Think of it this way…imagine if you will, an Aussie women worthy of having a tv show or movie made about them…I know it is far-fetched but just try…and then imagine a non-Australian actress playing that woman…talk about a dingo stealing your baby!

Now, some people may be thinking that since Elizabeth Debicki is a gloriously gifted actress blessed with exquisite skill and talent that it is just fine for her, despite the black mark of her Aussie background, to play Princess Diana. That is blasphemy…wokeness never considers ability!
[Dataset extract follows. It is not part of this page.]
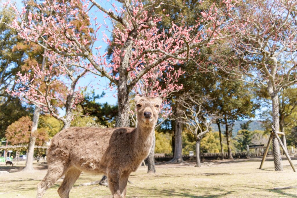 片岡梅林の梅はほぼ咲き揃ったようで、鹿さんもにっこり。

Oscar winning actress Octavia Spencer concurs as she recently declared in regards to casting, “Nothing can replace lived experience and authentic representation…it’s imperative that we cast the appropriate actor for the appropriate role…”
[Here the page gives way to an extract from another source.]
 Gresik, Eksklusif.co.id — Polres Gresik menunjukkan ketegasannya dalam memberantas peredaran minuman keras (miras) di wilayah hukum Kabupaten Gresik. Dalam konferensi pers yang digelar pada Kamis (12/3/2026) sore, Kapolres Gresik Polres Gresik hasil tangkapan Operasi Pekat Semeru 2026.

What Spencer was actually talking about was the woke sin of able-bodied actors playing disabled characters, but if we follow her ideology to its logical conclusion, we end up crucifying the Aussie interloper Debecki for daring to play the very English Princess Diana. 

I wish there was a woke time machine so we could see who Octavia Spencer would cast instead of Oscar-winner Daniel Day-Lewis in My Left Foot and Oscar-nominee Leonardo DiCaprio in What’s Eating Gilbert Grape.

Those able-bodied bastards are acting abominations. Their crimes are almost as bad as cis-gendered actors playing trans characters.

Halle Berry recently said she was contemplating playing a trans character but after being shouted down by my woke comrades, Halle apologized, and the world was once again made safe from acting.

I wish someone stopped Felicity Huffman from playing a trans character and scoring an Oscar nomination for her work in the dreadful 2005 movie Transamerica.

Thankfully we woke got revenge on Huffman when she was sent to prison for that blasphemy! She actually went to prison for trying to bribe a college into admitting her daughter…but that’s beside the point…the important thing is she was ultimately punished! I don’t think that punishment went far enough though. If it were up to me Felicity Huffman would have the scarlet letter of a penis sewn onto her forehead, so that with every step she took her forehead penis would swing before her eyes and forcefully remind her of the unforgivable trans-phobic sin she committed.

Another transgressor of woke trans dogma is Scarlett Johansson. ScarJo was set to play a trans man in the film Rub and Tug, but woke warriors fired up the outrage machine and forced her to back out.

In addition, the monstrously white ScarJo had previously earned woke ire when she starred in Ghost in the Shell as a character that was Asian in the original source material. Oh the humanity!

Of course, even if an actor is the same race or ethnicity as a character they aren’t safe from the righteous sword of wokeness.

Zoe Saldana thought she could play Nina Simone in a bio-pic about the legendary singer. Not without woke outrage she couldn’t! Saldana’s crime was that she is light-skinned and Simone was dark-skinned…in other words Zoe Saldana wasn’t black enough. Saldana has since apologized for her heinous hate crime.

A similar thing happened with Ruby Rose, a lesbian actress cast in the role of lesbian superhero Batwoman. Rose was excoriated by the woke brigade on social media because apparently she wasn’t lesbian enough.

To avoid this woke backlash and the cancel culture mob, white actresses Jenny Slate and Kristen Bell quit their roles voicing black characters on cartoons.

Slate stated, “black characters should be played by black people” and that her portrayal was “an act of erasure of black people.”

Bell said, “ This is a time to acknowledge our acts of complicity.”

If only that Aussie Elizabeth Debicki would do her part and acknowledge that playing Princess Diana on The Crown makes her complicit in the erasure of English people and declare that English characters should only be portrayed by English people, then we could be one step closer to eradicating the art of acting and finally living in the glorious utopia of talentlessness we woke are obviously so desperate to manifest.